In Kaduna State, the DSFP has increasingly responded to this reality. The 5-year-long programme has evolved into a more deliberate effort to develop specialised technical expertise within the public sector. The introduction of specialization tracks in DSFP 4.0 marked a turning point. Fellows were no longer trained as broad generalists alone, but were guided into defined technical pathways aligned with real institutional needs.

This shift was driven by experience and advancement in AI. Earlier cohorts demonstrated that while foundational knowledge is important, the demands of modern governance require deeper, domain-specific competence. The impact of this shift became clear during the DSFP 4.0 cohort. Fellows who entered the specialization tracks began developing more focused technical expertise. Some worked on machine learning models to support predictive analysis. Others designed data pipelines capable of handling large datasets within institutional systems. GIS fellows explored spatial mapping techniques that could support planning and development initiatives.

Beyond technical growth, specialization also helped fellows discover clearer professional pathways. Instead of remaining broadly skilled but uncertain about their direction, participants were able to deepen their competence within defined domains.

Many graduates from this cohort have since applied these skills within government institutions, research projects, and technology organisations. Their work reflects a growing understanding that meaningful data impact often requires focused expertise.

The DSFP programme has evolved into a more deliberate effort to develop specialised technical expertise within the public sector… Fellows were no longer trained as broad generalists alone, but were guided into defined technical pathways aligned with real institutional needs.

Today, this model continues with the current cohort. The DSFP 5.0 fellowship has entered its specialization phase, a stage many fellows have been preparing for since the programme began.
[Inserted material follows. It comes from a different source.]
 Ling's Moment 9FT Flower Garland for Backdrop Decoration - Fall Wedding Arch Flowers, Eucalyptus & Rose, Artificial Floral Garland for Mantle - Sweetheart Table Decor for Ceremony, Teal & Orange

After months of foundational training in statistics, research methods, data management, and analytical tools, fellows have chosen their technical pathways. A fellow who once explored data broadly now begins to see themselves as a machine learning practitioner, data engineer, or geospatial analyst.

The specialization phase also introduces deeper problem-solving. Fellows begin working with more advanced tools, engaging with real datasets, and building projects that reflect the complexity of challenges faced by public institutions. At this stage, the fellowship moves participants from learners to emerging specialists.
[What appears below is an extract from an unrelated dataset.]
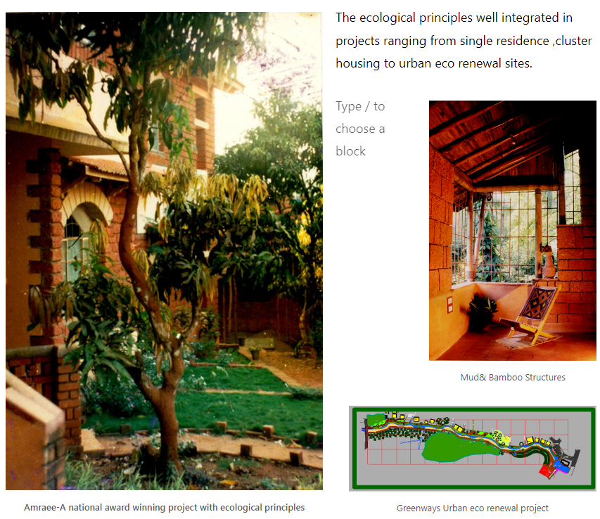 The ecological principles well integrated in projects ranging from single residence ,cluster housing to urban eco renewal sites.

There are important lessons here for governments and development partners.

First, building a data culture requires more than awareness campaigns or short-term training programmes. It requires sustained investment in technical expertise.

Second, governments must recognise that data work involves multiple specialised disciplines. Analysts, engineers, and geospatial experts each play distinct roles within a functioning data ecosystem.

Third, specialization strengthens institutional capacity over time. When public institutions develop internal expertise rather than relying solely on external consultants, knowledge becomes embedded within the system. Programmes like DSFP demonstrate how governments can begin building these capabilities locally.

As the Kaduna State government continues its journey toward digital transformation, the importance of data will only grow. Yet the real question is not simply whether data is available. It is whether institutions have the people capable of interpreting, engineering, modelling, and mapping that data effectively. And in government offices where complex decisions must be made every day, that expertise may make all the difference.